Credit weighting (ECTS)

5 credits

Semester/term taught

Hilary term 2016-17

Contact Hours

11 weeks, 3 lectures including tutorials per week

Lecturer

Prof Larry Rolen

Learning Outcomes

On successful completion of this module, students will be able to:

• Analyse the behaviour of functions of several variables, present the result graphically and efficiently calculate partial derivatives of functions of several variables (also for functions given implicitly);
• Obtain equations for tangent lines to plane curves and tangent planes to space surfaces;
• Apply derivative tests and the method of Lagrange multipliers to find maxima and minima of functions of several variables, local and global;
• Effectively calculate multiple integrals, in Cartesian and polar coordinates, in particular, to find areas, volumes and centres of mass;

Module Content

These details may be varied somewhat in the current year.

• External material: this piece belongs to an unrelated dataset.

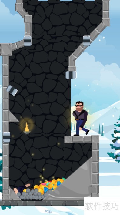 6、 黑衣男子找到宝藏后,屏幕弹出星星画面,顺利通关。
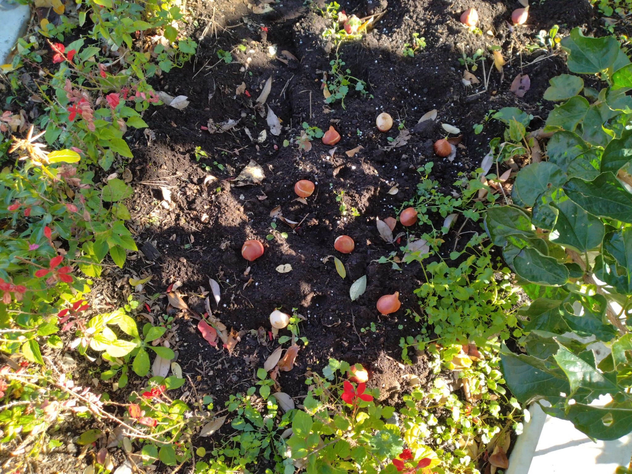 植え方はよく見る直線状に植えるのではなくランダムに植えました。各色毎に集めましたので来年の開花が楽しみです。一応道路側から黄色、白色、赤色・・・のはずですのでご期待ください。

• Vector-valued functions: parametric curves, calculus, change of parameter (Chapter 12, Sections 12.1-12.6)
• Partial derivatives: definition, chain rule, gradients, maxima and minima (Chapter 13, Sections 13.1-13.9)
• Multiple integrals: double and triple integrals, surface area (Chapter 14, Sections 14.1-14.8)

Module Prerequisite

MA1123 (Analysis on the real line I), MA1111 (Linear Algebra I)

Assessment Detail

This module will be examined in a 2 hour examination in Trinity term. Continuous assessment will contribute 20% to the final grade for the module at the annual examination session. Supplemental grade will consist of 100% examination.